Agnostic autonomous improvement engine — point it at any codebase, it makes it measurably better overnight
Project description
The Cloud Clock Work - Autoresearch
A Claude Code wrapper that makes any codebase measurably better overnight.
pip install tccw-autoresearch
cd your-project
autoresearch init
Claude opens. It scans your project. Asks what you want to improve. Configures everything. Runs the first experiment. Done.
How It Works
flowchart TD
subgraph INSTALL["<b>1 ◼ INSTALL</b>"]
direction LR
A1["pip install<br/>tccw-autoresearch"]:::install
A2["cd your-project"]:::install
A1 --> A2
end
subgraph ONBOARD["<b>2 ◼ ONBOARD</b>"]
direction TB
B1["autoresearch init"]:::cmd
B2["Claude Code opens<br/>interactive session"]:::claude
B3["Scans your project<br/>detects tech stack"]:::claude
B4["Asks: what to improve?<br/>lint · coverage · build time"]:::question
B5["Asks: which files<br/>can the agent edit?"]:::question
B6["Writes config + measures baseline"]:::config
B1 --> B2 --> B3 --> B4 --> B5 --> B6
end
subgraph CONFIG["<b>3 ◼ .autoresearch/</b>"]
direction LR
C1["config.yaml<br/>metric · rules · budget"]:::config
C2["agents/default/<br/>CLAUDE.md · settings.json"]:::config
C3["state.json<br/>progress · results"]:::state
end
subgraph ENGINE["<b>4 ◼ EXPERIMENT LOOP</b>"]
direction TB
D1["Create git worktree<br/>isolated branch"]:::engine
D2["Spawn Claude Code agent<br/>with budget + permissions"]:::claude
D3["Agent reads code<br/>forms hypothesis<br/>edits mutable files"]:::claude
D4["Run metric command<br/>extract number"]:::metric
D5{{"Improved?"}}:::decision
D6["KEEP<br/>git commit"]:::keep
D7["DISCARD<br/>git reset"]:::discard
D1 --> D2 --> D3 --> D4 --> D5
D5 -->|"Yes"| D6
D5 -->|"No"| D7
D6 --> D8
D7 --> D8["Next experiment<br/>or budget exhausted"]:::engine
end
subgraph PUBLISH["<b>5 ◼ RESULTS</b>"]
direction LR
E1["git push branch"]:::publish
E2["Create PR<br/>with audit trail"]:::publish
E3["Auto-merge<br/>to dev"]:::publish
E1 --> E2 --> E3
end
INSTALL --> ONBOARD
ONBOARD --> CONFIG
CONFIG --> ENGINE
ENGINE --> PUBLISH
classDef install fill:#1e3a5f,stroke:#4a9eff,color:#fff,stroke-width:2px
classDef cmd fill:#0d1117,stroke:#58a6ff,color:#58a6ff,stroke-width:2px
classDef claude fill:#6e40c9,stroke:#a371f7,color:#fff,stroke-width:2px
classDef question fill:#8b5cf6,stroke:#c4b5fd,color:#fff,stroke-width:2px
classDef config fill:#0e4429,stroke:#3fb950,color:#fff,stroke-width:2px
classDef state fill:#1a4731,stroke:#56d364,color:#fff,stroke-width:1px
classDef engine fill:#1c1917,stroke:#f97316,color:#fff,stroke-width:2px
classDef metric fill:#713f12,stroke:#fbbf24,color:#fff,stroke-width:2px
classDef decision fill:#854d0e,stroke:#facc15,color:#fff,stroke-width:3px
classDef keep fill:#14532d,stroke:#22c55e,color:#fff,stroke-width:3px
classDef discard fill:#7f1d1d,stroke:#ef4444,color:#fff,stroke-width:3px
classDef publish fill:#1e3a5f,stroke:#38bdf8,color:#fff,stroke-width:2px
You define the metric. Claude does the work. AutoResearch decides what to keep.

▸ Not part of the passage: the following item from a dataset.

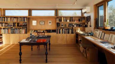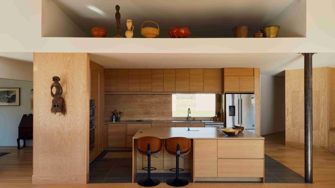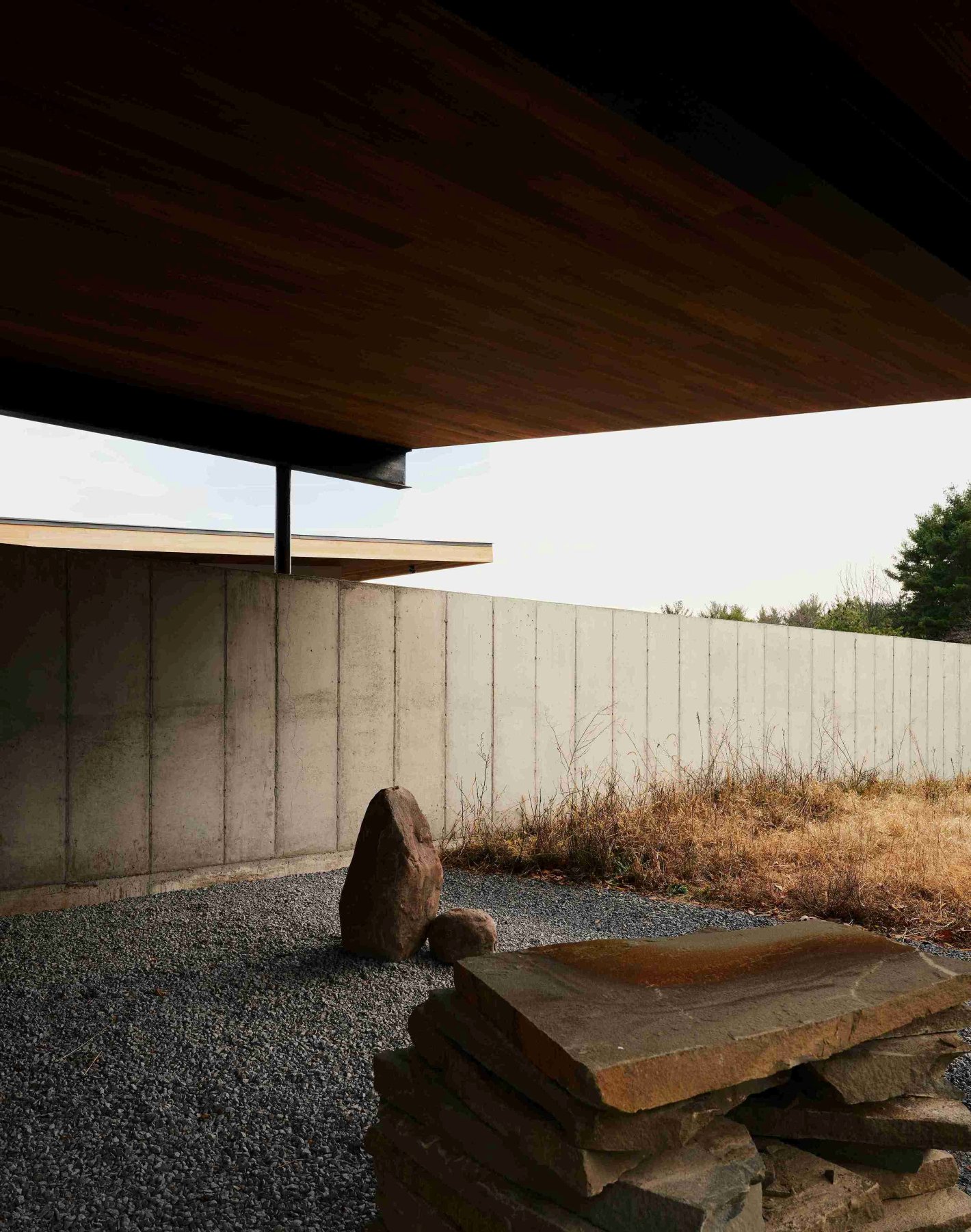 混凝土既是墙体,也延伸为景观,恰到好处地挡住风与视线。工作室刷白色,卧室选浅色木头,这些材料随着季节流转,会慢慢“变老”。
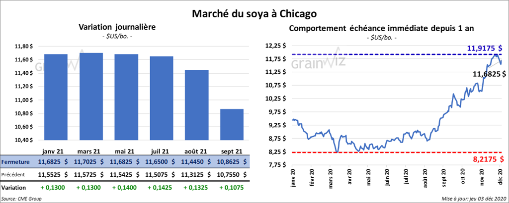 Les contrats de soya US aux échéances les plus rapprochées ont fini la session en hausse de 13 cents à 14 ¼ cents. Ceux de tourteau de soya ont terminé la journée en progression de 3,30 $ à 4,40 $/tonne. Les contrats d’huile de soya US ont clôturé dans le vert de 2 % à 3,2 %.

Reduce lint errors. Increase test coverage. Cut build times. Fix code smells. Anything you can measure with a shell command.
autoresearch init in action
autoresearch run — live experiment progress
What Is This?
AutoResearch is an orchestrator that sits on top of Claude Code. It gives Claude a metric, a budget, and permission to edit specific files — then measures whether the code got better.
Requirements
- Python 3.10+
- Claude Code installed and authenticated (
claude --version)
That's it. No Docker. No GPU. No ML frameworks. No infrastructure.
How It Works
1. Install
pip install tccw-autoresearch
2. Initialize (AI-guided)
cd your-project
autoresearch init
This spawns an interactive Claude Code session with the /onboard skill:
- Claude scans your project, detects the tech stack
- Asks what you want to improve (lint, coverage, build time, custom)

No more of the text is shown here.